START Working data

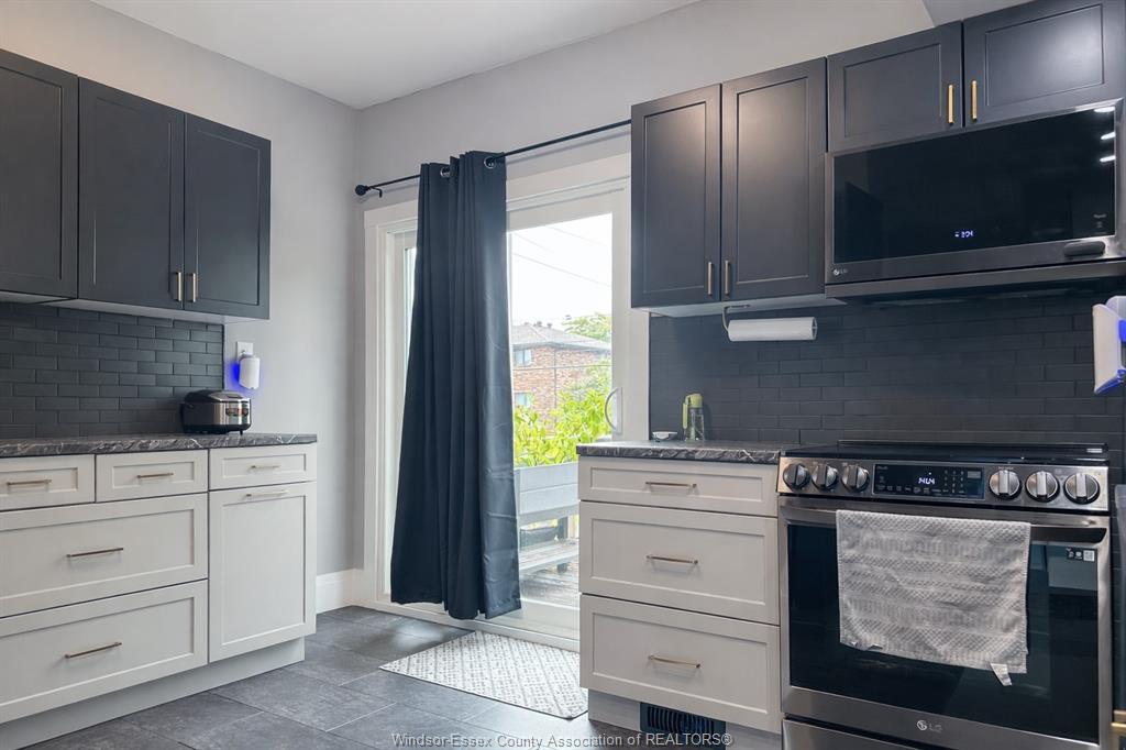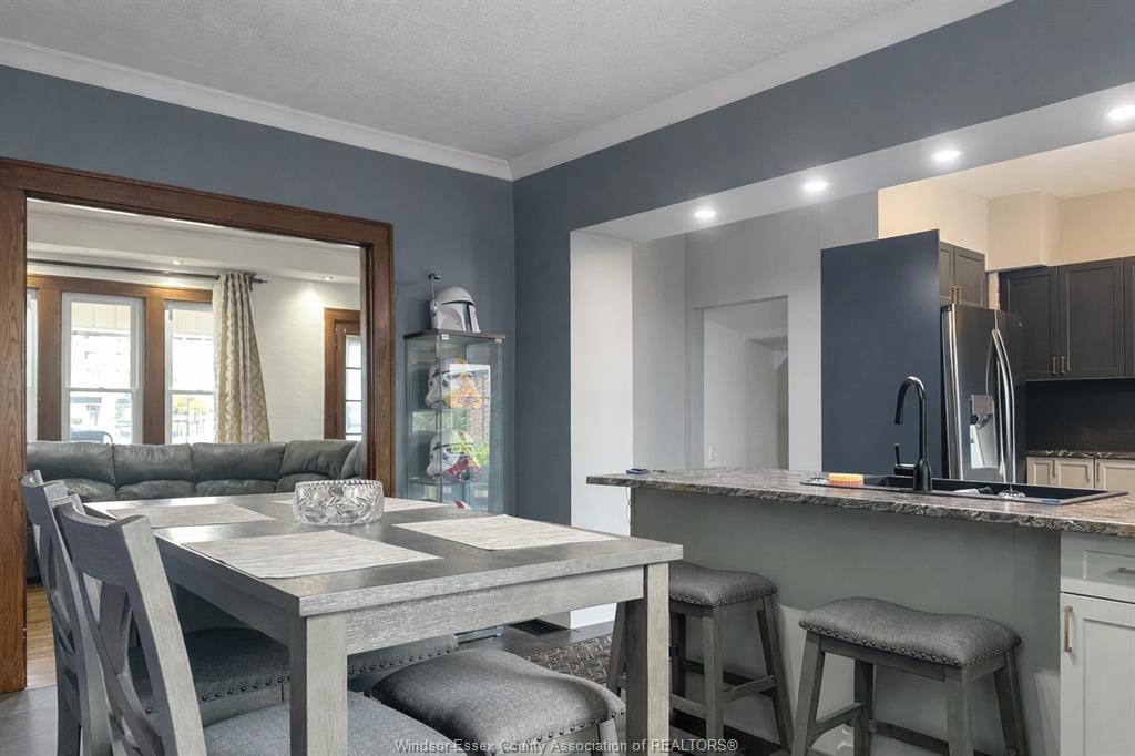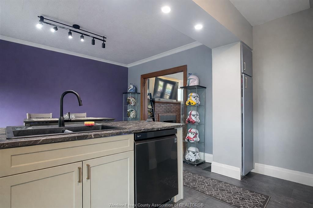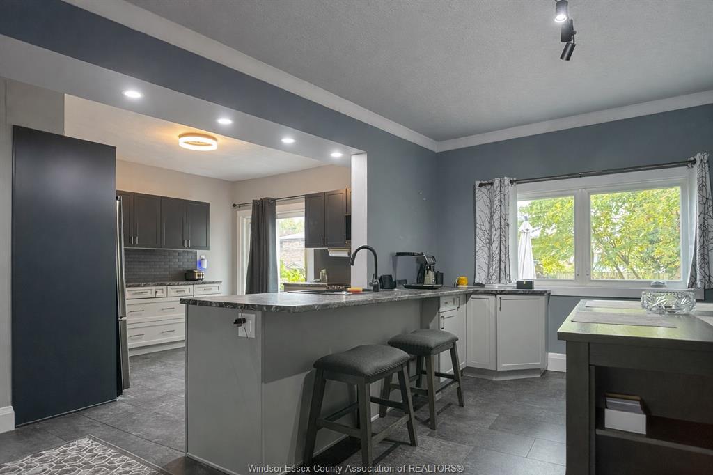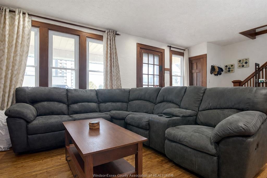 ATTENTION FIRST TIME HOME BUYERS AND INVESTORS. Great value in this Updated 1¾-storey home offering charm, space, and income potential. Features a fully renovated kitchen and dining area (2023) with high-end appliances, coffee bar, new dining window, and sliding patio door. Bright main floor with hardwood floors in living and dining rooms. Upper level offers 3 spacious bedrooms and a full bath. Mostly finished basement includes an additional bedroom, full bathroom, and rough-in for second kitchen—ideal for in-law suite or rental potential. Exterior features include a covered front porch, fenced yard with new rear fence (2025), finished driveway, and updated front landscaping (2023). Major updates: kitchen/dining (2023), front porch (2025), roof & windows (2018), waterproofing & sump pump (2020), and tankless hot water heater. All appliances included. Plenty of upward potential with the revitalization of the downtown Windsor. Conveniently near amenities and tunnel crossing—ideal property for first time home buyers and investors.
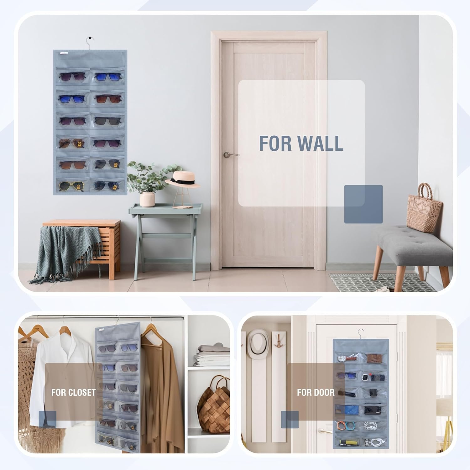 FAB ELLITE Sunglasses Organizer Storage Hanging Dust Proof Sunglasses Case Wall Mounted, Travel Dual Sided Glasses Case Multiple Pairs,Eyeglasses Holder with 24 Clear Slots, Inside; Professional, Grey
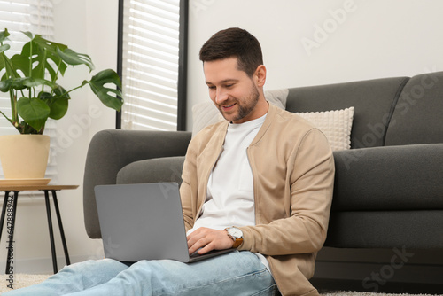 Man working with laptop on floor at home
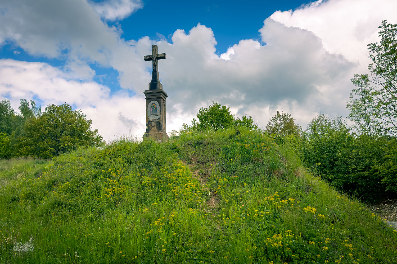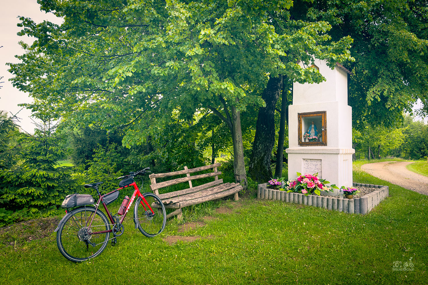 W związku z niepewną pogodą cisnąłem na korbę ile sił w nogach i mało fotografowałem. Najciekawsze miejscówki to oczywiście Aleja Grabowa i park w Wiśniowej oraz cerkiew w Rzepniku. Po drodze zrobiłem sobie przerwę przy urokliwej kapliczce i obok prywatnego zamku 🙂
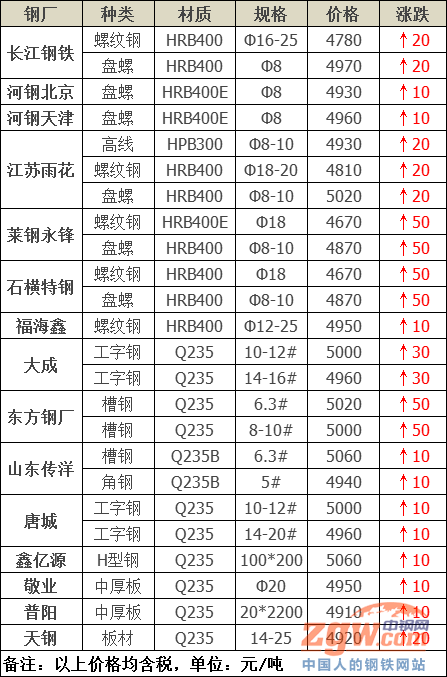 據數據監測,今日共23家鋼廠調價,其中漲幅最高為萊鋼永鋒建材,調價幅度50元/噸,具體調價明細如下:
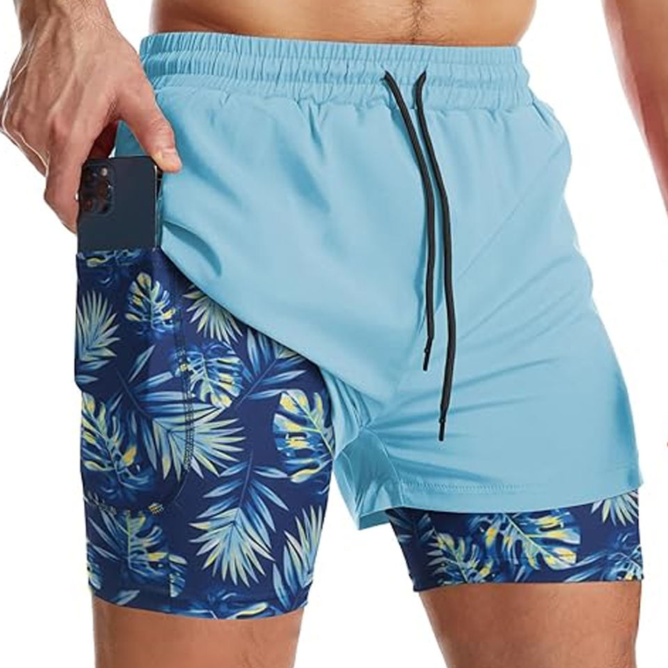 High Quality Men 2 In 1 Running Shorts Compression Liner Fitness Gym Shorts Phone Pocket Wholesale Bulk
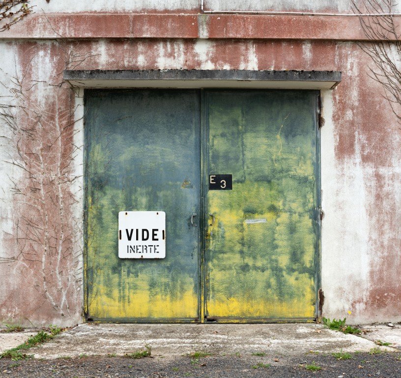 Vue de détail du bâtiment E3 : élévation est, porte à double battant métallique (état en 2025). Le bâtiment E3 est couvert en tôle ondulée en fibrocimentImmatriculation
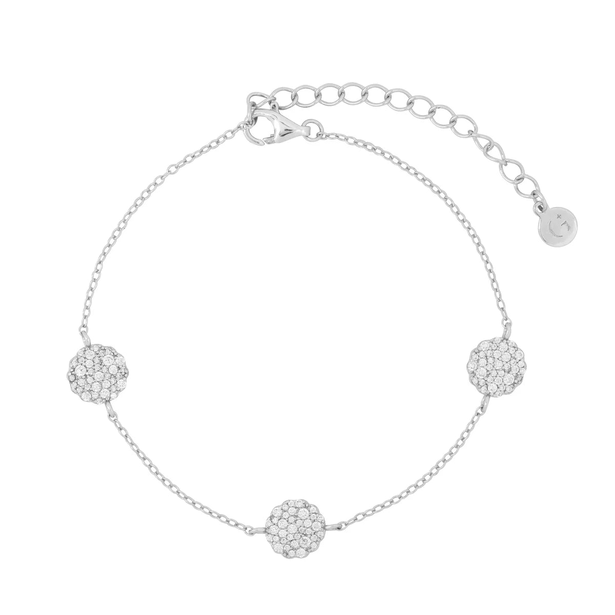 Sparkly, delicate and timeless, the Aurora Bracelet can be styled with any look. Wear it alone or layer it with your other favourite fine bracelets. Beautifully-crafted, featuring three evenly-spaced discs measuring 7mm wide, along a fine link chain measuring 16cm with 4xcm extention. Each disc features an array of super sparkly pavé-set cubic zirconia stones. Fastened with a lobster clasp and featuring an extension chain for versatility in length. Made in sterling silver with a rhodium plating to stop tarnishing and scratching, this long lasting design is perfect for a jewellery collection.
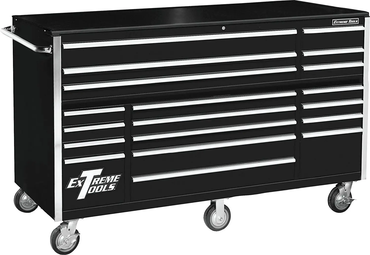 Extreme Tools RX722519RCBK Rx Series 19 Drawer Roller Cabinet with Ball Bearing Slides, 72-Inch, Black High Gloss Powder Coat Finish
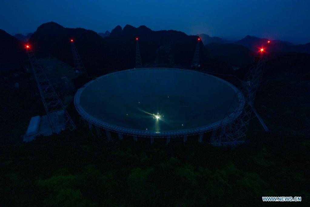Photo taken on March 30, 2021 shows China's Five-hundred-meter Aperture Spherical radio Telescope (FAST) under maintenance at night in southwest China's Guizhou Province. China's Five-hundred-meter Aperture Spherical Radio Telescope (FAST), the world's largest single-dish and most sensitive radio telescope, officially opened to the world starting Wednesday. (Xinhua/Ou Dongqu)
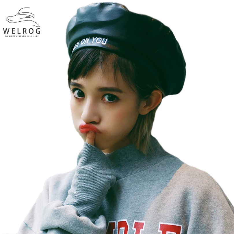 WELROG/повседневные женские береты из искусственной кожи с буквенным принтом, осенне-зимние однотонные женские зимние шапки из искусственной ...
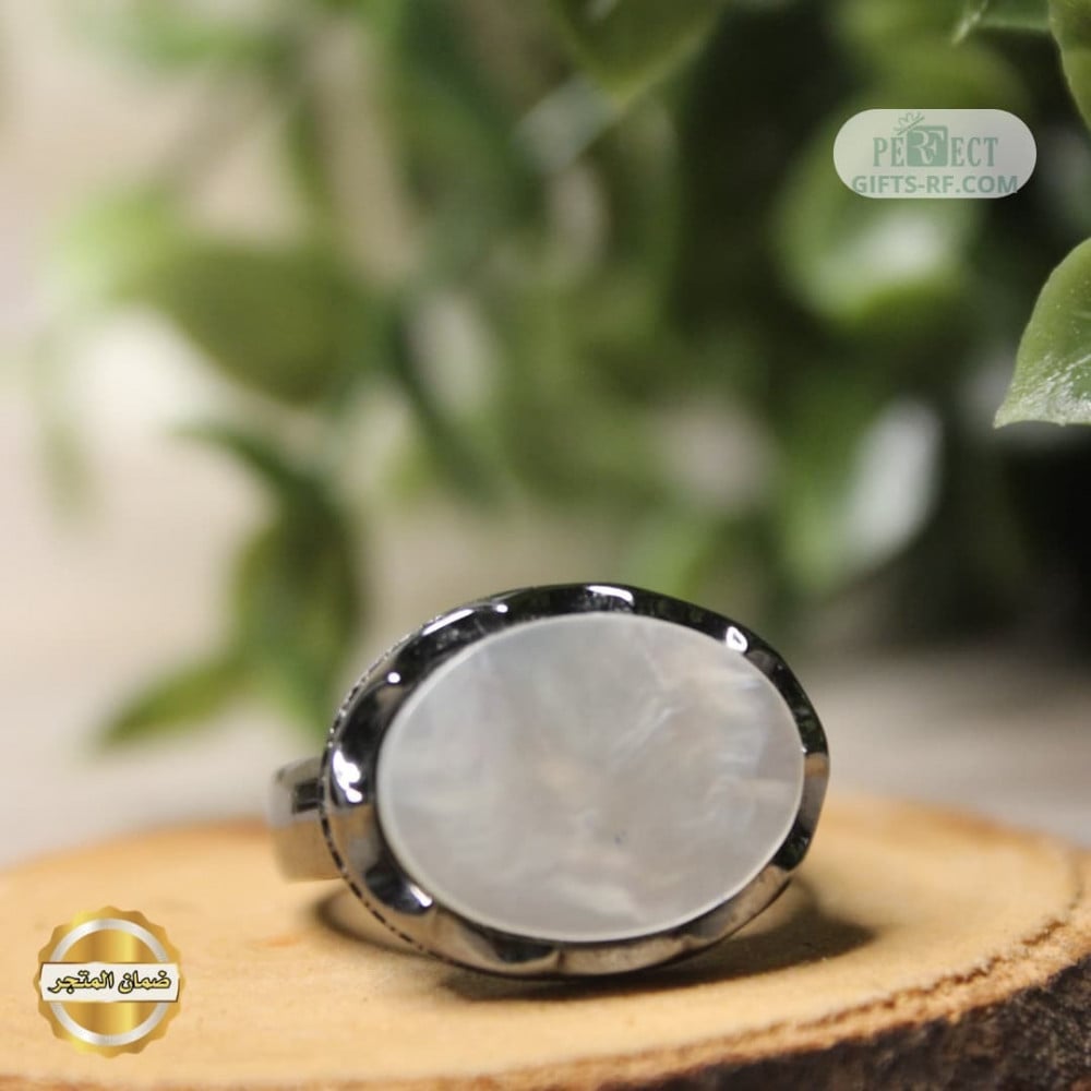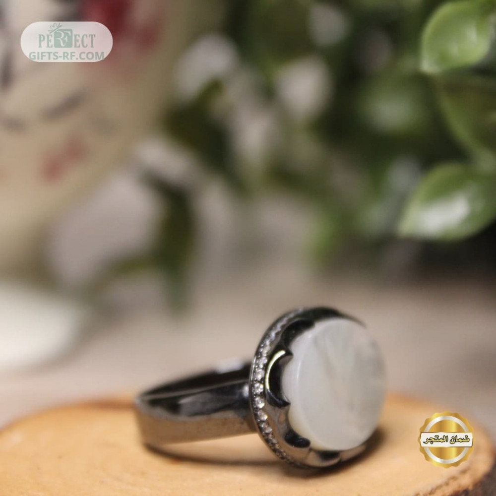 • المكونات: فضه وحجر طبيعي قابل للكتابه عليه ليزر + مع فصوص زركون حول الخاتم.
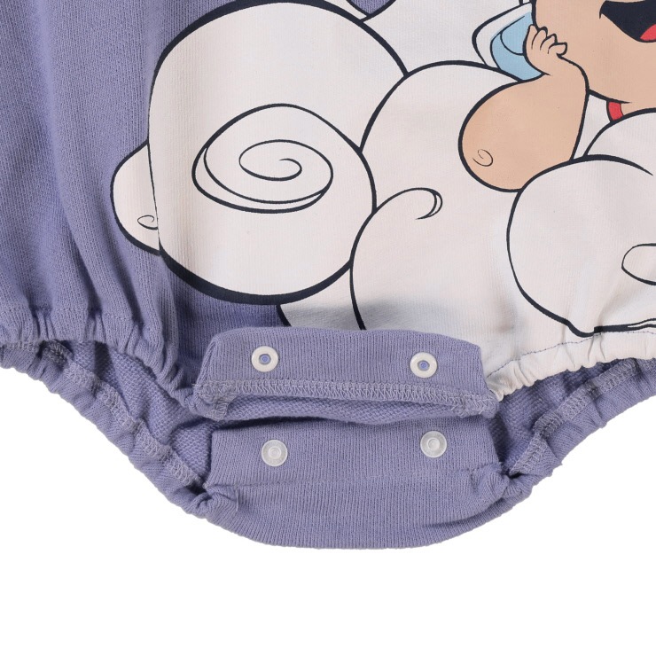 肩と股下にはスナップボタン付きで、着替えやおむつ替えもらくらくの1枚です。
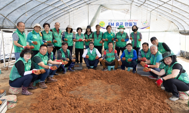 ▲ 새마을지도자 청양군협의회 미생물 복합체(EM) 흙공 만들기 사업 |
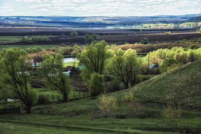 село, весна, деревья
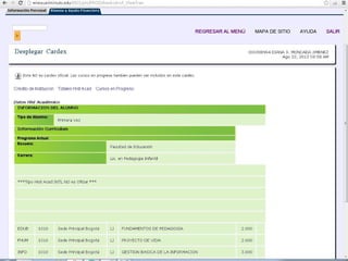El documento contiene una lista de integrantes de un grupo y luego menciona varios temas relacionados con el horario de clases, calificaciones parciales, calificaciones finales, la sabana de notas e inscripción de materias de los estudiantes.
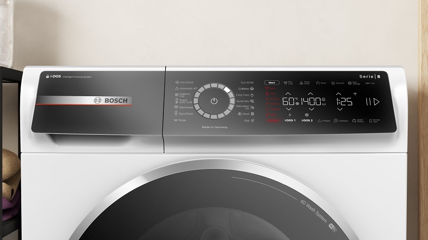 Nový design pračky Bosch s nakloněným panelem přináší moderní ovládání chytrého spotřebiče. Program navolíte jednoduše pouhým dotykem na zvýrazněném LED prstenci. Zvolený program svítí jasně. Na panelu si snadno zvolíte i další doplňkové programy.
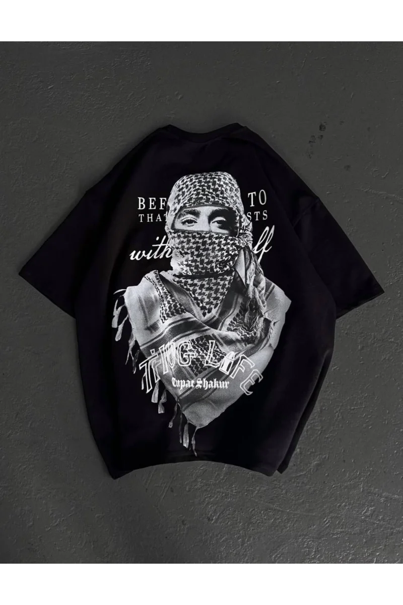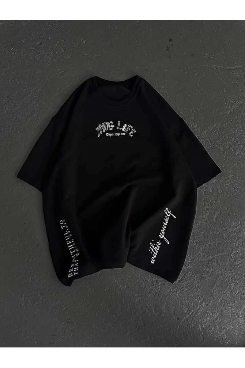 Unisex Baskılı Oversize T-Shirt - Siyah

END Working data

Take the entries above and copy exactly the lines starting at the one with "Man working with laptop on floor at home" and ending at the one with "W związku z"; nothing outside that span, and no pictures.

 Man working with laptop on floor at home
 W związku z niepewną pogodą cisnąłem na korbę ile sił w nogach i mało fotografowałem. Najciekawsze miejscówki to oczywiście Aleja Grabowa i park w Wiśniowej oraz cerkiew w Rzepniku. Po drodze zrobiłem sobie przerwę przy urokliwej kapliczce i obok prywatnego zamku 🙂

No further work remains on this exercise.